[[ DATA SHOWN open ]]
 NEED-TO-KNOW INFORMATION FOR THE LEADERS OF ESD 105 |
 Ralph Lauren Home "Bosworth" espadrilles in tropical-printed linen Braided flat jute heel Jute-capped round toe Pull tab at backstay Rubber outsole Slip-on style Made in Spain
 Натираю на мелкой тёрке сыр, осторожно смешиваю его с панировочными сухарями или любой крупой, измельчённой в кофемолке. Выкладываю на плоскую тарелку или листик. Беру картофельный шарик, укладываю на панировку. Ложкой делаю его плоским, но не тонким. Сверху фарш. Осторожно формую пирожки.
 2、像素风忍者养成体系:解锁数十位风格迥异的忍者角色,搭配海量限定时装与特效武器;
[[ DATA SHOWN closed ]]
[[ DATA SHOWN open ]]
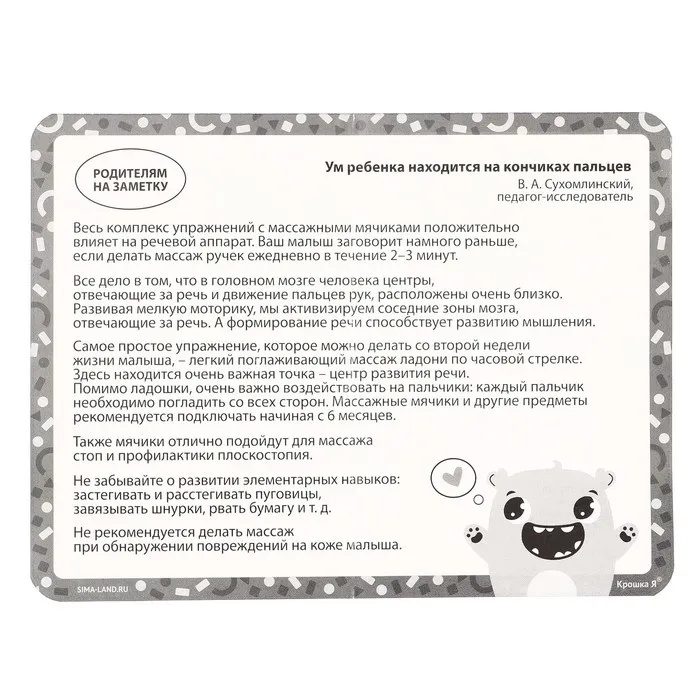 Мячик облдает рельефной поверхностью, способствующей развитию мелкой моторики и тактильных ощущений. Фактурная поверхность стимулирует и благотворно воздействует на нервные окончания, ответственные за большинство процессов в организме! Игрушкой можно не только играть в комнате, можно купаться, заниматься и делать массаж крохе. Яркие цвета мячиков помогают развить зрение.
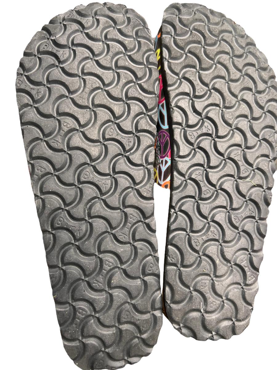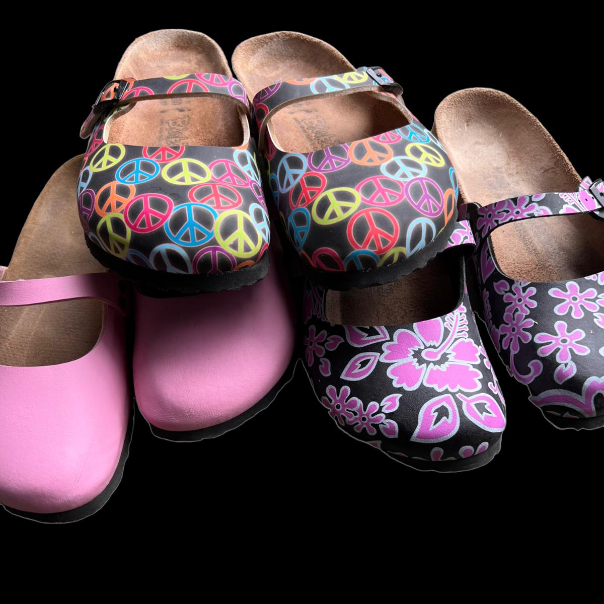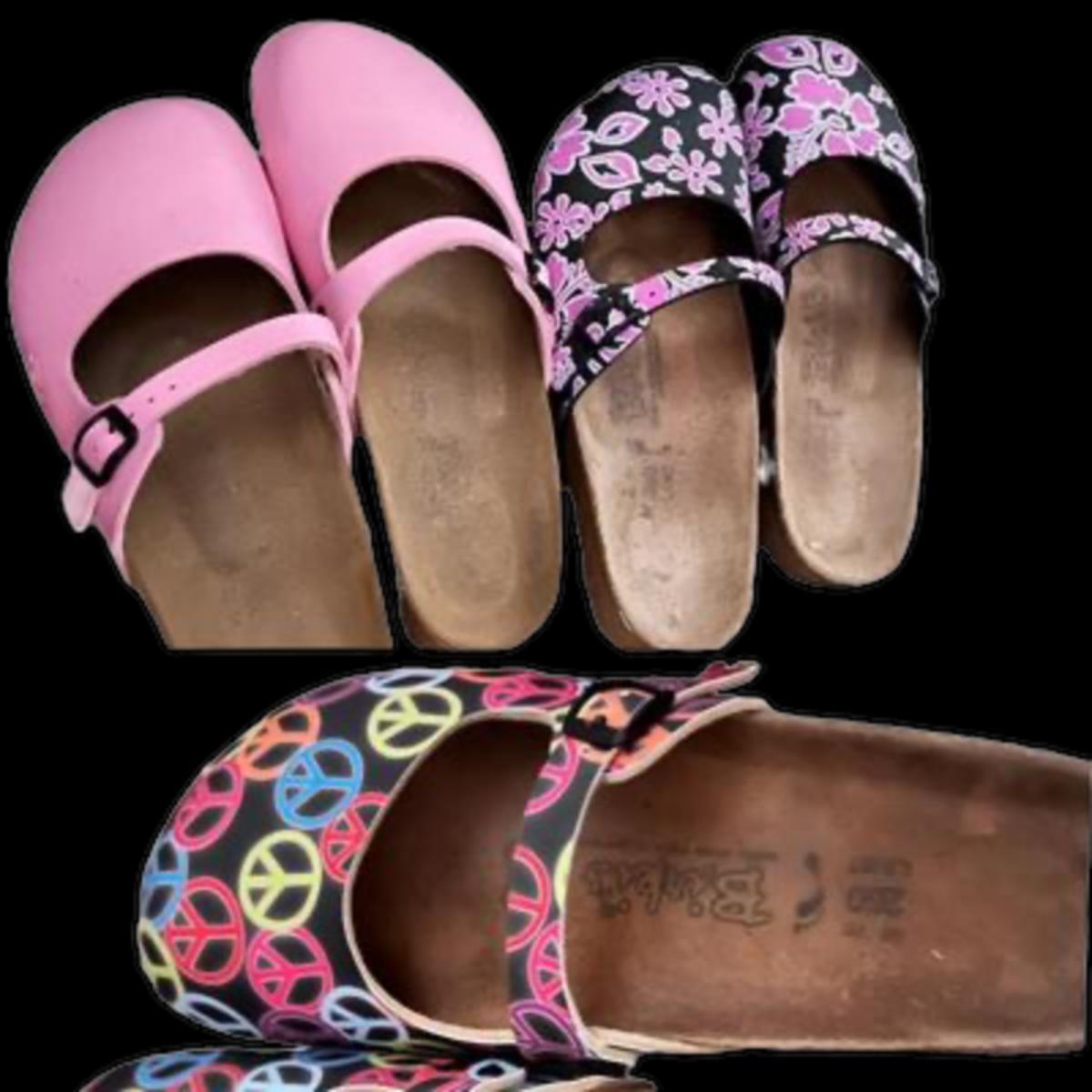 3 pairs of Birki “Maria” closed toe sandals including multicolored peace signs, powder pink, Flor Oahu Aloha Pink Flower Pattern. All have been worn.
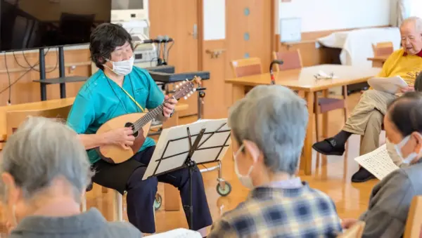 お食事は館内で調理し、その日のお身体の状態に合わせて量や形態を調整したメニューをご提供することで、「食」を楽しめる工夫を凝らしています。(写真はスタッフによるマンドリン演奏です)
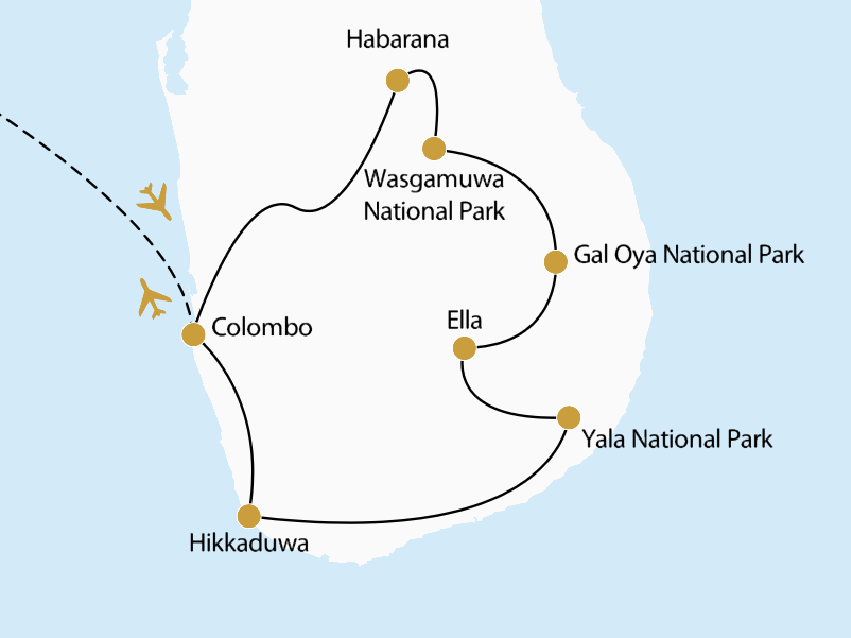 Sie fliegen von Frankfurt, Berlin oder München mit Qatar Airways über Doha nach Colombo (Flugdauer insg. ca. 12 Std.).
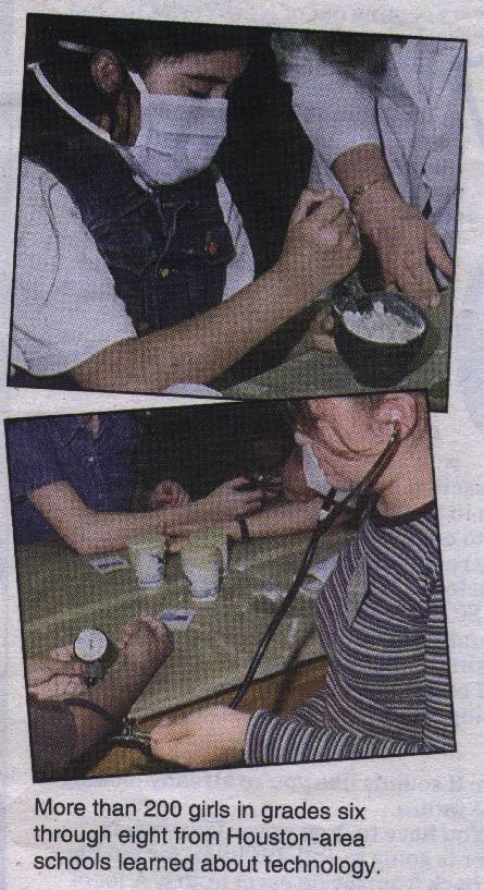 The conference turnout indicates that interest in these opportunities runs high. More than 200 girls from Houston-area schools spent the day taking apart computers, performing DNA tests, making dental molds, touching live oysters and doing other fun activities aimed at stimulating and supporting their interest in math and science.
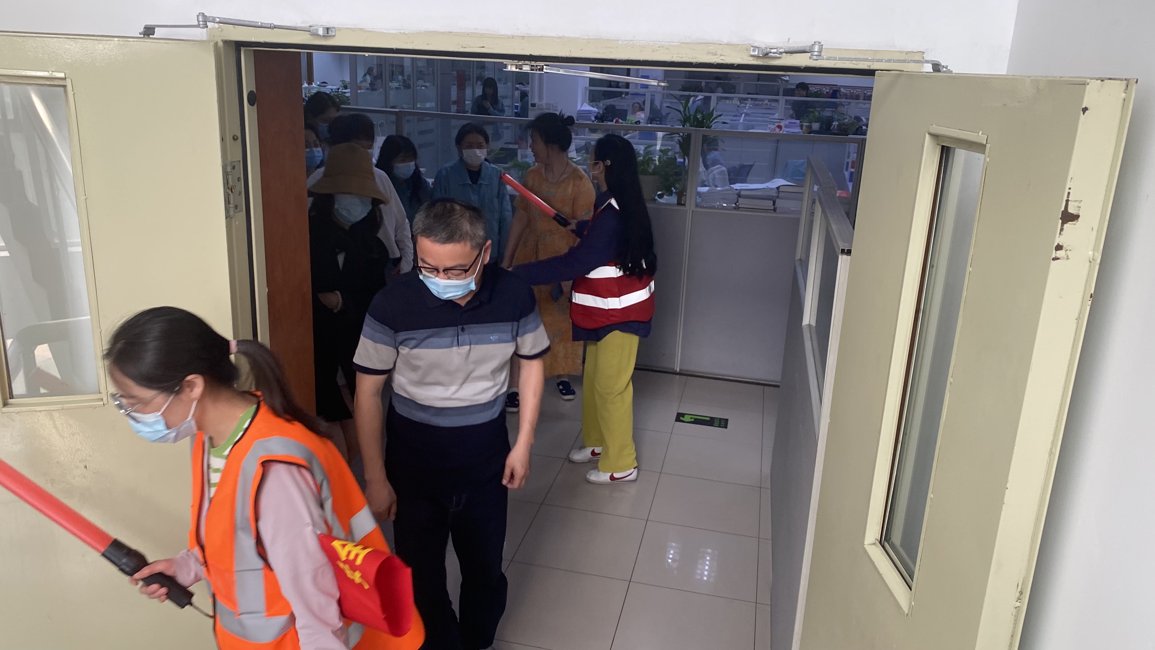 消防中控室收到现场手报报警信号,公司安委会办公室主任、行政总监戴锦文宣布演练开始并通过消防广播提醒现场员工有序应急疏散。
[[ DATA SHOWN closed ]]
[[ DATA SHOWN open ]]
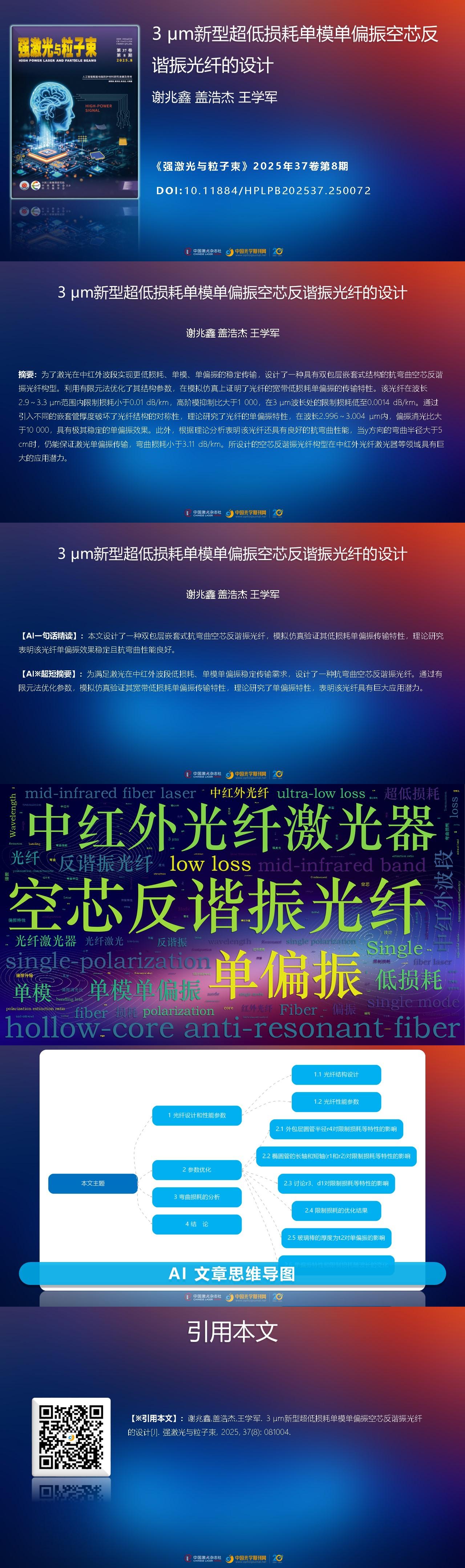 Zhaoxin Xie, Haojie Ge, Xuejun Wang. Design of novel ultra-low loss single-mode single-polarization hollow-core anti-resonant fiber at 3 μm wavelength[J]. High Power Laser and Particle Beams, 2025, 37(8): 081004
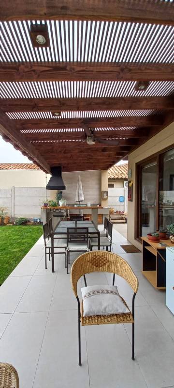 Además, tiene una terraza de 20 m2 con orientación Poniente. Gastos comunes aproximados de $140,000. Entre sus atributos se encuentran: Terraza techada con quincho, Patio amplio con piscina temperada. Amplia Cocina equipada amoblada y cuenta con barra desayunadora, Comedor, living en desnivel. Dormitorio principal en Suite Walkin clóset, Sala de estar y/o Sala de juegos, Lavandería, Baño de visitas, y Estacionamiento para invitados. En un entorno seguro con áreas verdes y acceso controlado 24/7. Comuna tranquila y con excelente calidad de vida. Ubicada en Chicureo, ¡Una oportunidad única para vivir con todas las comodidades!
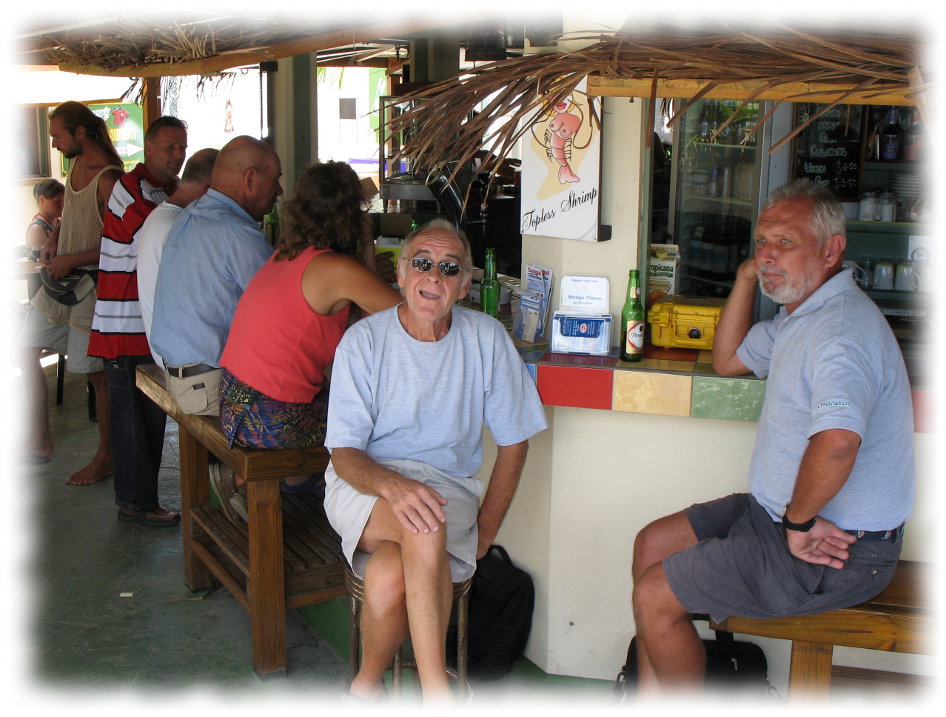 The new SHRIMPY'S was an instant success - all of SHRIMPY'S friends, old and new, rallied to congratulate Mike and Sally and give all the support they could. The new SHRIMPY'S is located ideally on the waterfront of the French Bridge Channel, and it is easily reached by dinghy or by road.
[[ DATA SHOWN closed ]]
(EXERCISE): Your reply is to be an exact repeat of the listing above from the line holding "Sie fliegen von" down to the line holding "消防中控室收到现场手报报警信", ends included, pictures excluded.

(FINISHED EXERCISE):
 Sie fliegen von Frankfurt, Berlin oder München mit Qatar Airways über Doha nach Colombo (Flugdauer insg. ca. 12 Std.).
 The conference turnout indicates that interest in these opportunities runs high. More than 200 girls from Houston-area schools spent the day taking apart computers, performing DNA tests, making dental molds, touching live oysters and doing other fun activities aimed at stimulating and supporting their interest in math and science.
 消防中控室收到现场手报报警信号,公司安委会办公室主任、行政总监戴锦文宣布演练开始并通过消防广播提醒现场员工有序应急疏散。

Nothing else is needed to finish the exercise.